━━━━━ Working data ━━━━━
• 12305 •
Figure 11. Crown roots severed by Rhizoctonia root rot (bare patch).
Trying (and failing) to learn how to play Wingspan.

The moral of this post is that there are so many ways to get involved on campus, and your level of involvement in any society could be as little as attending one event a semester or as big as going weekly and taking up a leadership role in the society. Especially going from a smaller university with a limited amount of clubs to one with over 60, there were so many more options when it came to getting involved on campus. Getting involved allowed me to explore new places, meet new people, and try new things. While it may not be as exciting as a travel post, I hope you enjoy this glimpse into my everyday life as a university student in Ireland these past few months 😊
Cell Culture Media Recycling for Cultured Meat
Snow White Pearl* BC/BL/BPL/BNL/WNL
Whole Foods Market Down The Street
━━━━━
━━━━━ Working data ━━━━━
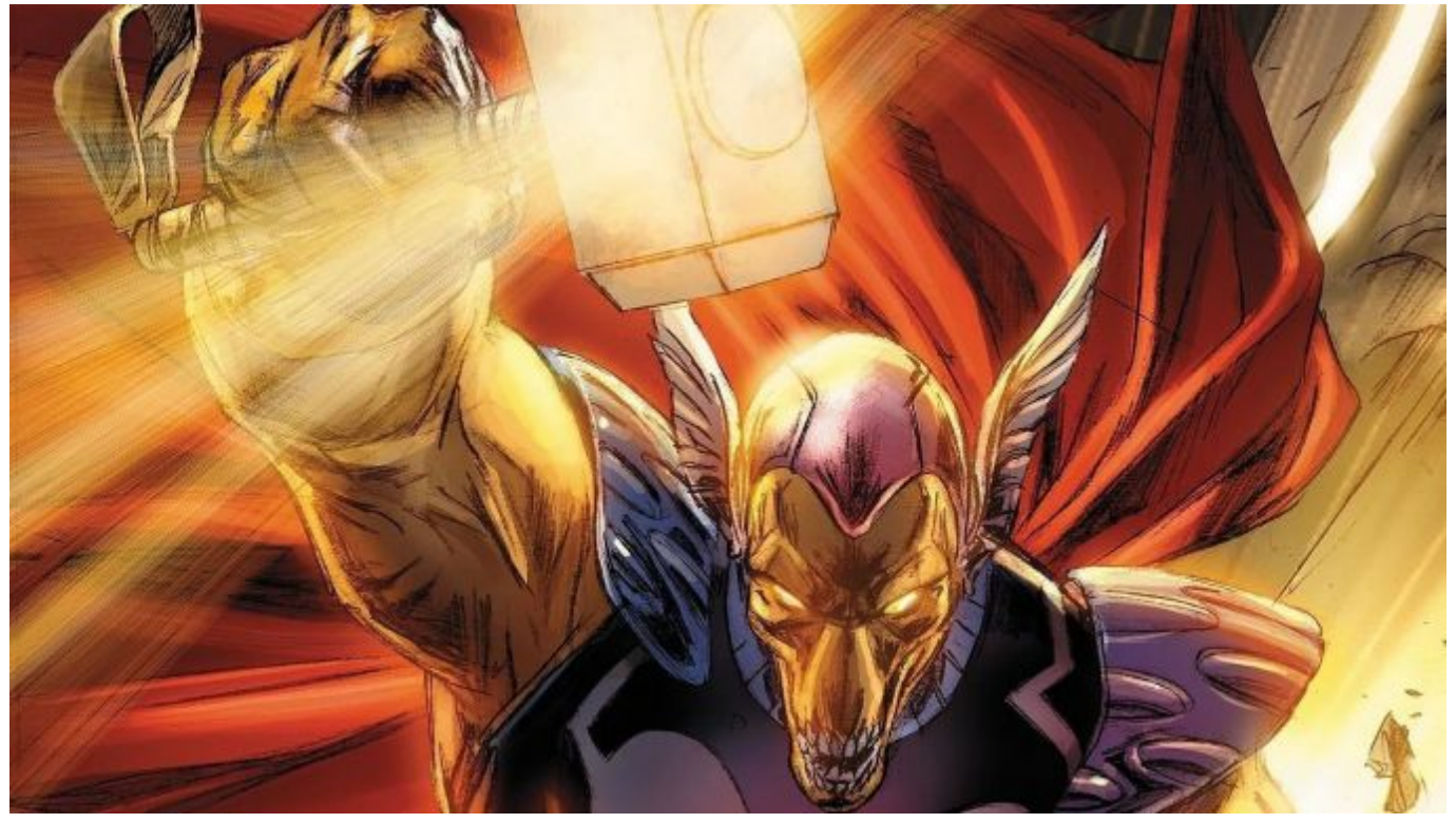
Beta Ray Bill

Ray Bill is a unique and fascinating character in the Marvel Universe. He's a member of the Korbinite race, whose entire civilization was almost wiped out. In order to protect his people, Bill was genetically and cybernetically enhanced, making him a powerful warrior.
━━━━━
Task prompt
The required output is every line above from the one with "Figure 11. Crown" down to the one with "Whole Foods Market Down The Street", restated word for word, ends included.

Task solution
Figure 11. Crown roots severed by Rhizoctonia root rot (bare patch).
Trying (and failing) to learn how to play Wingspan.

The moral of this post is that there are so many ways to get involved on campus, and your level of involvement in any society could be as little as attending one event a semester or as big as going weekly and taking up a leadership role in the society. Especially going from a smaller university with a limited amount of clubs to one with over 60, there were so many more options when it came to getting involved on campus. Getting involved allowed me to explore new places, meet new people, and try new things. While it may not be as exciting as a travel post, I hope you enjoy this glimpse into my everyday life as a university student in Ireland these past few months 😊
Cell Culture Media Recycling for Cultured Meat
Snow White Pearl* BC/BL/BPL/BNL/WNL
Whole Foods Market Down The Street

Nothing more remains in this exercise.